Глядя на то, как улыбающаяся Власьевна вносит на чистом полотенце пирог размером с тележное колесо, Закатов вдруг подумал о том, что его собственное будущее окажется, пожалуй, ещё тяжелее, чем у этой решительной девицы. Он посмотрел на сосредоточенную Власьевну, ловко разрезающую пирог, на Дуньку, поблёскивающую с порога хитрыми и очень умными глазами, на незаконченную вышивку в пяльцах у окна… Нет, Остужина вовсе не одна. И она тысячу раз права, что не хочет ехать к каким-то старым тёткам в Витебск. Они с кухаркой и девкой будут втроём коротать длинные вечера – за прялкой, за вязанием, за вышивкой. Будут вестись бесконечные разговоры о скором лете, о пахоте, о соседях, об урожае, который был в прошлом году и который ожидается в будущем. Будут пить чай с вареньем, ругаться и ссориться, и Анастасия Дмитриевна будет бегать за улепётывающей Дунькой с веником, а после они вдвоём будут играть в преферанс. Глупо, пусто, скучно? Возможно… Но в тысячу раз лучше, чем то, что ожидает его. Внезапно с холодным ужасом, от которого чуть не остановилось сердце, Закатов вспомнил нелюбимый, тёмный и тесный отцовский дом. Коридоры, сырые сени, пахнущие мышами каморы, кухня с низкой дверью, откуда вечно несёт перекисшими щами… Выживший из ума Кузьма, дура-кухарка, запуганные некрасивые девки. Одиночество. Вечное одиночество, долгие вечерние часы – и слава богу, если есть книга. Редкая радость, когда с почтой из уезда привезут письмо или запечатанный толстый журнал. Занесённые снегом окна, вой метели в трубе, шуршание тараканов за печью. И – более ничего. «Вот твоя судьба, твоя доля, – подумал он, выпуская из пальцев вилку. – И ничего другого, много-много дней. И даже Мишка не напишет теперь. И Вера…»
– Что с вами, Никита Владимирович? – громко и встревоженно спросила Остужина, глядя на Никиту через стол. – На вас лица нет! Власьевна! Опять у тебя таракан во щах или капусты скислой наложила?!

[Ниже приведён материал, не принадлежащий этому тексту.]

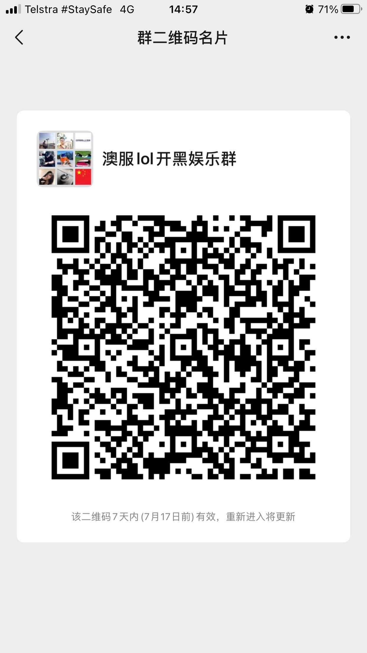 澳服LOL 开黑娱乐群,群名片貌似能维持7天 团体日益壮大 平时一起开黑玩完娱乐 打打内战 交友 需要的就扫码进啦

– Нет… Право, нет, щи были великолепные! – опомнился Закатов. Наваждение схлынуло так же внезапно, как и подступило, и он почувствовал себя крайне неловко. – Я просто задумался некстати… Прошу меня простить.
– О чём же вы этаком думали? – недоверчиво нахмурилась она. – Ей-богу, будто вас пророк Азраил посетил нежданно! Впрочем, дела ваши, расспрашивать не стану. Власьевна, ну что же там самовар-то? Надо же, как снег повалил…
– Думаю, мне пора ехать, Анастасия Дмитриевна. – Закатов тоже взглянул за окно, на мелькающие полосы снега, уже скрывшего и забор, и палисадник. Вновь подумал о тёмном пустом доме, пропахшем мышами… И внезапно сказал:
– Признаться, я хотел поговорить с вами об очень важном деле.
– Со мной? – поразилась Остужина, резко повернувшись от окна. – Господи Иисусе… так папенька и вам должен оказался?!
– Нет… Вовсе нет, – поспешил Никита успокоить её. – Но дело это должно быть выгодно нам обоим… и оно несколько деликатно.
– Власьевна, Дунька, пошли вон, – коротко приказала Остужина, и кухарку с девкой сдуло из комнаты. – Итак, я вас слушаю, Никита Владимирович. Но хочу сразу предупредить – денег у меня сейчас крайне мало. И купить у вас вашу рощу возле Рассохина я не смогу, хотя, разумеется, она очень хороша. Если вы согласитесь подождать с продажей до будущего года и немного сбавить цену…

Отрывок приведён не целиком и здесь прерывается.